Beberapa orang yang memerhatikan fenomena ini mulai beraksi. Pemerhati anak kak seto memprihatikan kondisi kejiwaan Ponari serta hak-hak ponari yang hilang karena ia sibuk dengan mengobati orang-orang. Kehilangan kesempatan bermain, berkembang dan bersekolah. Pemerhati lain mekhawatirkan eksploitasi berlebihan terhadap ponari oleh orang-orang dewasa di sekitarnya. Beberapa Dai mencemaskan kepada rentannya fenomena ini terhadap perbuatan sirik dan musyrik.
Dan sudah mencari ciri khas indonesia yang latah terhadap sensasi yang ada. Di daerah itu juga, muncul sosok lain bernama Dewi yang mempunyai batu layaknya batu Ponari. Lalu beberapa waktu lalu muncul lagi anak kecil lain bernama Siti Romlah yang punya cerita sama. Kabar lain menyebutkan seorang pria juga menemukan batu sakti yang memanggil dirinya. Apakah itu nyata adanya atau mereka cuma sekedar "ponari-ponarian". Entahlah... Tapi jika melihat bagaimana suksesnya Ponari sekarang, bukan tidak mungkin banyak orang tergiur untuk mencoba peruntungan seperti itu.

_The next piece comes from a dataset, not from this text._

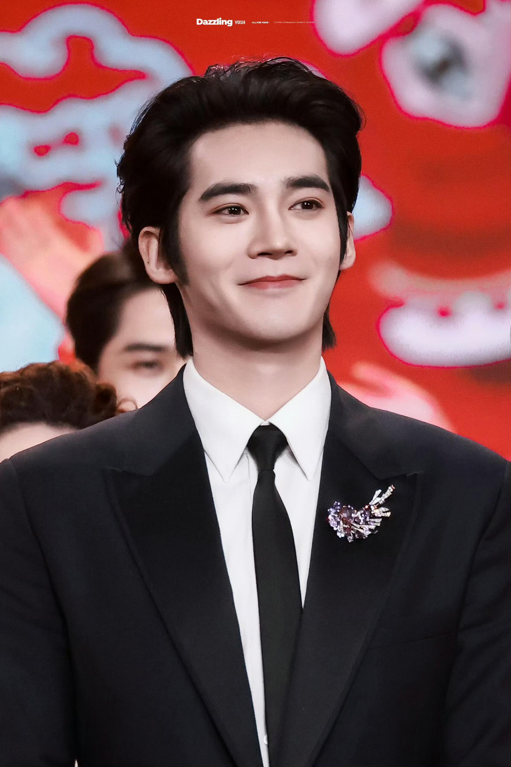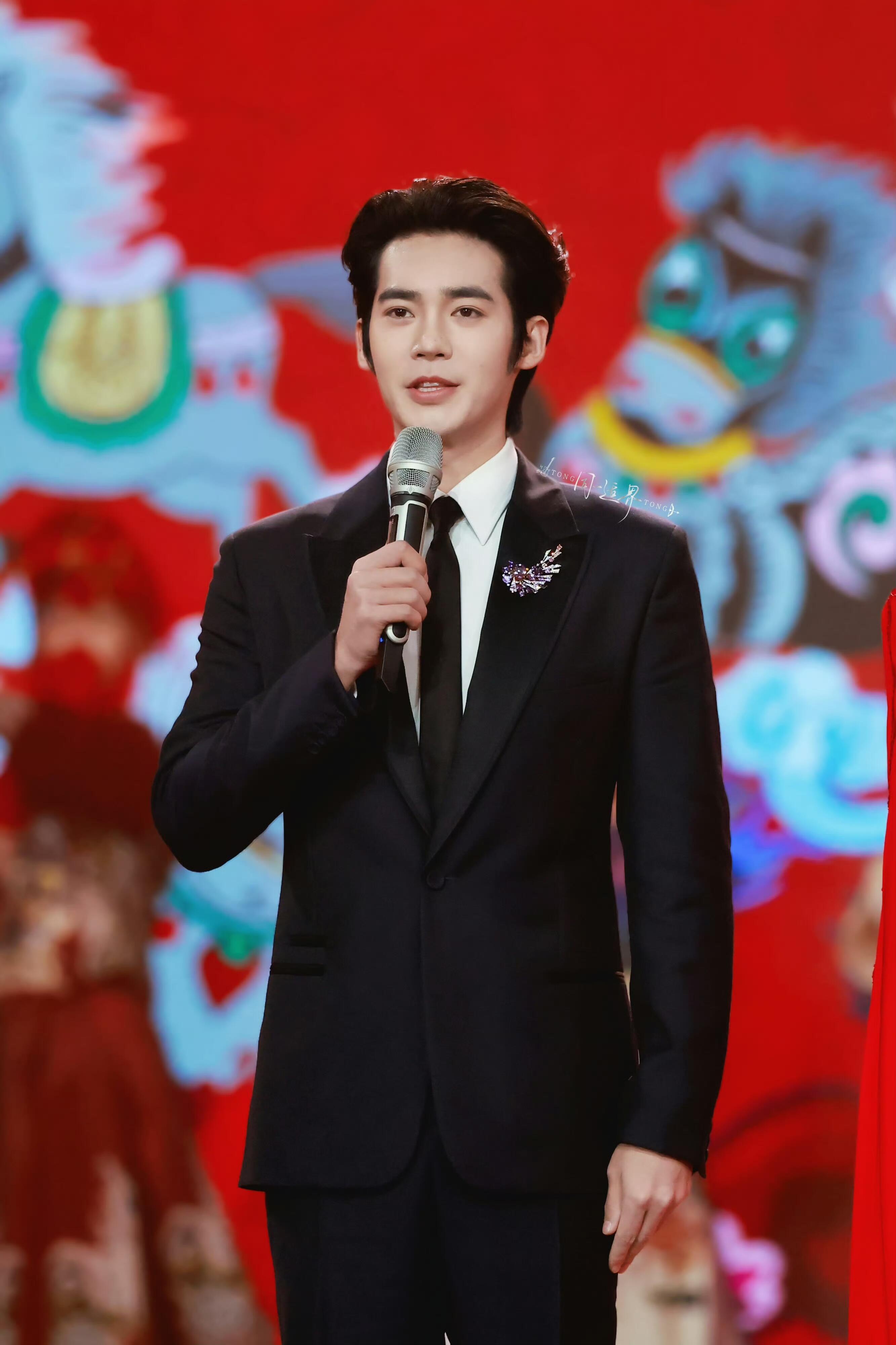 于适佩戴CHAUMET天穹皓境高定珠宝套系凌空圣光主题胸针,笔挺西装。出任 百花迎春晚会主持人。

Jadi, sampai kapankah fenomena ini berlangsung. Tergantung, tergantung pada semujarab apakah Ponari itu. Jika seiring waktu air celupan Ponari memang terbukti mampu menyembuhkan, maka akan makin banyak dan banyal orang lagi kesana. Tapi jika kemujarabannya mulai diragukan dengan sendirinya orang akan mulai meninggalkannya. Fenomena itu akan hilang dengan sendirinya dan diganti dengan fenomena lainnya. Dan saat itu terjadi Ponari dan sekeluarga sudah dapat santai dan duduk manis meikmati hidup.
entar energi listrik dari petir itu lama kelamaan hilang lho.